Vasospasm after aneurysmal subarachnoid hemorrhage (aSAH) aggravates outcome of patients through a cascade of complications and harsh consequences. This study was conducted to evaluate the effect of cerebrospinal fluid (CSF) lumbar drainage in aSAH management and in the prevention of vasospasm at a university hospital in Vietnam.
A single-center, prospective case series of aSAH treatment with CSF lumbar drainage was conducted from June 2018 to July 2019. Outcomes measured were clinical vasospasm, vasospasm-induced infarction, shunt-dependent rate, duration of treatment in hospital and Glasgow Outcome Scale (GOS) at 3 months and 1 year after discharge.

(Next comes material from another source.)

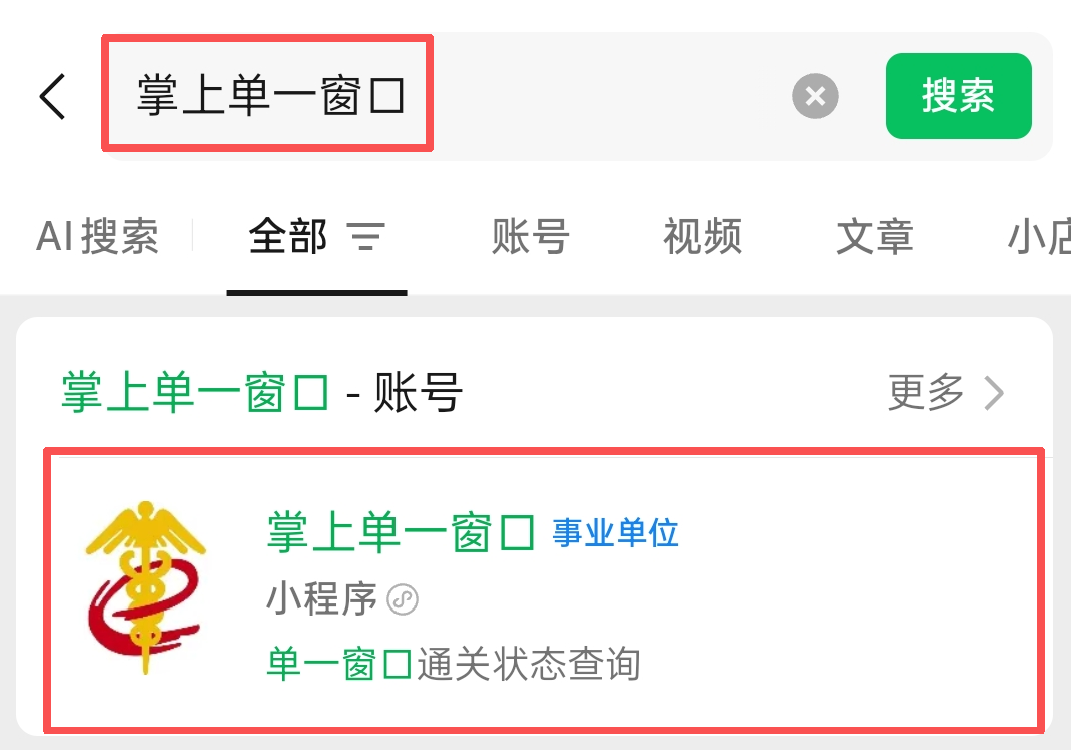 1. 在微信搜索“掌上单一窗口”进入微信小程序/APP;
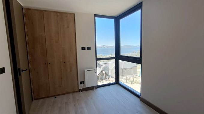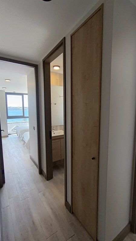 Hacia la izquierda se ubica el pasillo para habitaciones secundarias, ambas con vista al lago, y un baño completo que comparten.

Among 43 patients with aSAH admitted to the clinic, thirty-two aSAH patients (71.8% female, mean age 58.8 ± 11.5 years) received lumbar drainage. The incidence of clinical vasospasm and vasospasm-induced infarction on CT scan/MRI (including asymptomatic cerebral infarction) was 21.9% and 56.3%, respectively. Four patients (12.5%) underwent another CSF shunting operation. The mean duration of hospital stay was 27.8 ± 16.9 days. Nearly 70% of aSAH patients were discharged and were able to return to normal life with no or minor neurological deficits (GOS 4–5) at 3-month and 1-year follow-ups. No serious complication of CSF lumbar drainage was observed, except for one major setback, which was meningitis during treatment (53.1%).
CSF lumbar drainage may reduce the incidence of clinical vasospasm, shorten hospital stays, and possibly improve patient outcomes following aSAH. Our findings suggest that the selective use of CSF lumbar drainage, in addition to standard strategies, can be beneficial in preventing vasospasm and offers more choice in aSAH management.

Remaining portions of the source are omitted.